# Who is the best warrior among the descendants of Finwe?



## Turin_Turambar (Oct 25, 2022)

Which of the descendants of Finwe do you think is the greatest warrior? I think maglor because he survived all the wars of Beleriand, including the War of Wrath.


----------



## 🍀Yavanna Kementári🍀 (Oct 25, 2022)

Ecthelion of the Fountain said:


> he survived all the wars of Beleriand, including the War of Wrath.


And what of Maedhros? Surely he must have also?


----------



## Turin_Turambar (Oct 25, 2022)

Nienna Qalme-Tári said:


> And what of Maedhros? Surely he must have also?


yes true. but maglor seems to me a more attractive character for some reason.


----------



## Ent (Oct 25, 2022)

Luke Skywalker: "I'm looking for a great warrior". 
Yoda: "Wars not make one great." 

The Ent: "Define 'best' please".

Computer: "Non-sequitur: does not compute."


----------



## Sons of the Woodland King (Oct 25, 2022)

I feel much of this comes down to a matter of preference and speculation, but I went with my gut and based on my limited knowledge, I voted for Fingon. He was known for his valor and skill in battle, and there was much proof of this in his deeds throughout the battles he participated in until his death. He may have lost in combat against Gothmog, but he was essentially ganged up on by two balrogs, and this happened in the middle of the bloody chaos of Nirnaeth Arnoediad, where his kinsmen were being slaughtered left and right. I like to believe at least Fingon went down fighting as hard as he could, trying to save as much of his people as he can (a heroism he demonstrated when he rescued Maedhros). 

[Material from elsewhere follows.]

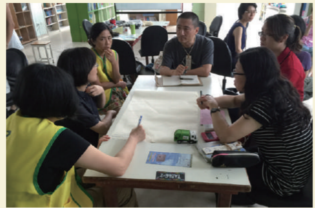
宜蘭場中親子共學團家長正討論共學團的想望如何兼顧生計的運作模式。

I personally refuse to even consider giving "best warrior" to the kinslayers/child killers who mowed down innocent people all for an oath to their villainous father. They can compete for "best murderers". (See my angst! 🤣)

I would also like to say that if we would base judgement on who survived longest, then Galadriel would obviously win. However, I don't believe I've ever found any proof of her actually fighting in any of the great battles of the First Age, and almost feel like she's the Waldo of the group. ("Where's Galadriel??") In fact, if anyone can explain to me exactly but concisely where Galadriel was during the wars (aside from residing in Doriath for a nonspecific time before migrating eastward with/without Celeborn), I would genuinely appreciate it. 😁


----------



## ZehnWaters (Oct 25, 2022)

I mean...Fingolfin, but we're talking the second generation. Fingon, Turgon, Argon, and Aegnor all qualify to some degree.


----------



## 🍀Yavanna Kementári🍀 (Oct 25, 2022)

ZehnWaters said:


> I mean...Fingolfin, but we're talking the second generation. Fingon, Turgon, Argon, and Aegnor all qualify to some degree.


In that case, we could say they _all_ qualify to some degree. Each had their own set of traits that made them stand out from one another.

To put it in the words of a certain Valie...

_"All have their worth, and each contributes to the worth of the others."_


----------



## Rōmānus (Oct 31, 2022)

Ecthelion of the Fountain said:


> Which of the descendants of Finwe do you think is the greatest warrior? I think maglor because he survived all the wars of Beleriand, including the War of Wrath.


I’d say Fingon as he was atop Morgoth’s hit list and when he died he was holding his own against a Maia (balrog) before another smashed his brains in from behind with an axe.


----------



## d4rk3lf (Nov 5, 2022)

Feanor for me (for some reason, he is not on the list) 
Fingolfin as a close second (for some weird reason, he is not on the list too)


----------